Histologic grade is reportedly correlated with neoadjuvant chemotherapy response. Miyoshi et al. [28] found that nuclear grade 3 was also a significant predictor of non-pCR. However, the univariate analysis in the present study showed a significant association between nuclear grade 3 and favorable RCB and a borderline significant association between nuclear grade 3 and pCR. Most articles reported results similar to ours. Jaegal et al. [29] reported a higher pCR in patients with a high histologic grade. Wang et al. [30] and Shien et al. [7] reported significantly higher rates of pCR in patients with nuclear grade 3 compared to those in patients with nuclear grades 1 or 2. Additionally, nuclear grade 3 was a significant predictive factor for pCR in a study by Osako et al. [31]. Jung et al. [9] also reported that histologic grade 3 was an independent predictor of pCR in Korean patients with triple-negative breast cancer.
Several studies have reported TILs as predictors of pCR. Jung et al. [9] reported that high TIL levels were significantly associated with pCR in triple-negative breast cancer.
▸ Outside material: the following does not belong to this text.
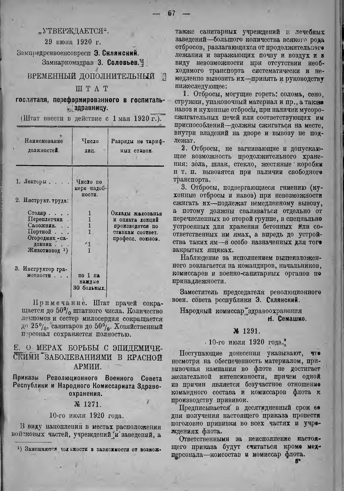 Приказ Революционного Военного Совета Республики и Народного Комиссариата здравоохранения. № 1271. 10-го июля 1920 года

Denkert et al. [8] reported intratumoral lymphocytes as an independent predictor of pCR. Yamaguchi et al. [10] found that dense lymphocytic infiltration was a significant independent predictive factor for pCR. In the present study, a significantly higher percentage of patients with ≥10% TIL showed favorable RCB compared to those with unfavorable RCB, although ≥10% TIL was not significantly correlated with favorable RCB in multivariate analysis.
Our study had several limitations. First, we included a small number of cases from a single center. Second, strain elastography could not be performed in 21 patients. In addition, 47 cases underwent a second US after the first cycle of neoadjuvant chemotherapy, whereas 33 cases, underwent follow-up studies by PET. The heterogeneity of imaging tools for follow-up after the first cycle of neoadjuvant chemotherapy made it difficult to interpret the reduction rate of tumor size between the first and second US.
Tumor elasticity has recently emerged as a predictive factor for neoadjuvant chemotherapy response. In this study, tumor elasticity was not associated with pCR or RCB. HR was an independent predictor of RCB. Further large prospective studies are needed to determine the correlation between tumor elasticity or other clinicopathological factors and neoadjuvant chemotherapy response.
Notes
The authors declare that they have no competing interests.